Set down exactly the lines below between the line holding "Fallout Vault Boy" and the line holding "Comoda Havana Master", inclusive; no other line belongs in the answer.
**** Recorded data ****
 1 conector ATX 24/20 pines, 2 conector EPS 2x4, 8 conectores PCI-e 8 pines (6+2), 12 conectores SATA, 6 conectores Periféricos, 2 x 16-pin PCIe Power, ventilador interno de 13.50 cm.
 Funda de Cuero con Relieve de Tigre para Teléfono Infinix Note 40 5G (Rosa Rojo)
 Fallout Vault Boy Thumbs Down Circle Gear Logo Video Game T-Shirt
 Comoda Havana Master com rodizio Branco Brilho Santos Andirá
****
**** Recorded data ****
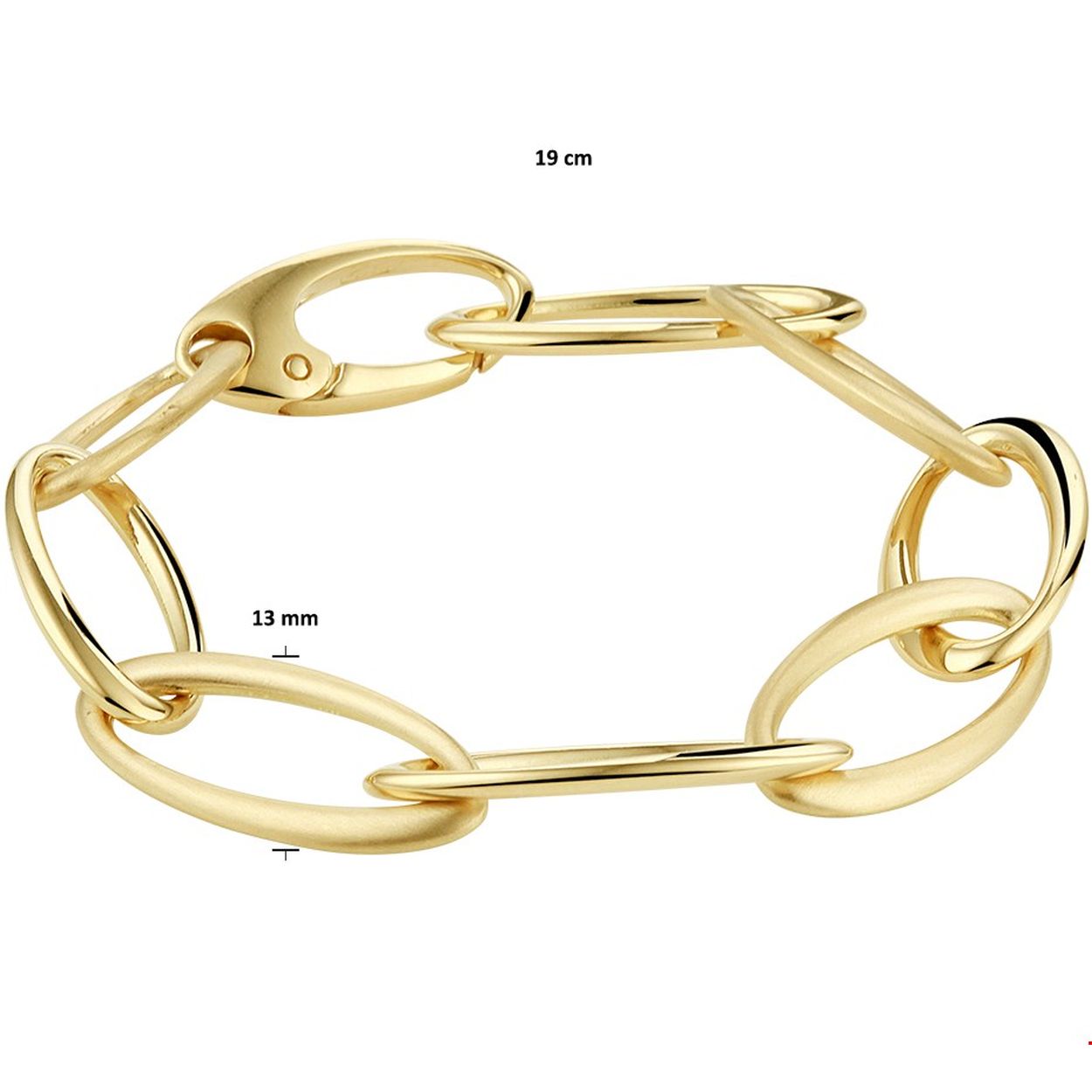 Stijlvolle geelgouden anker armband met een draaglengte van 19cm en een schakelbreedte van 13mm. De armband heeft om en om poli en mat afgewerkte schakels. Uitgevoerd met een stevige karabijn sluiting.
****
**** Recorded data ****
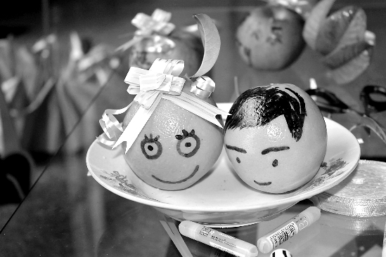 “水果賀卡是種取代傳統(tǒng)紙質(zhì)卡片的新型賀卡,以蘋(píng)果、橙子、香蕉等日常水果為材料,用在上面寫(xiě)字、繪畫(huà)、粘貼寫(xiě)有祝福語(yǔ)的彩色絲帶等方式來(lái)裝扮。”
****
#### Response:
 Fallout Vault Boy Thumbs Down Circle Gear Logo Video Game T-Shirt
 Comoda Havana Master com rodizio Branco Brilho Santos Andirá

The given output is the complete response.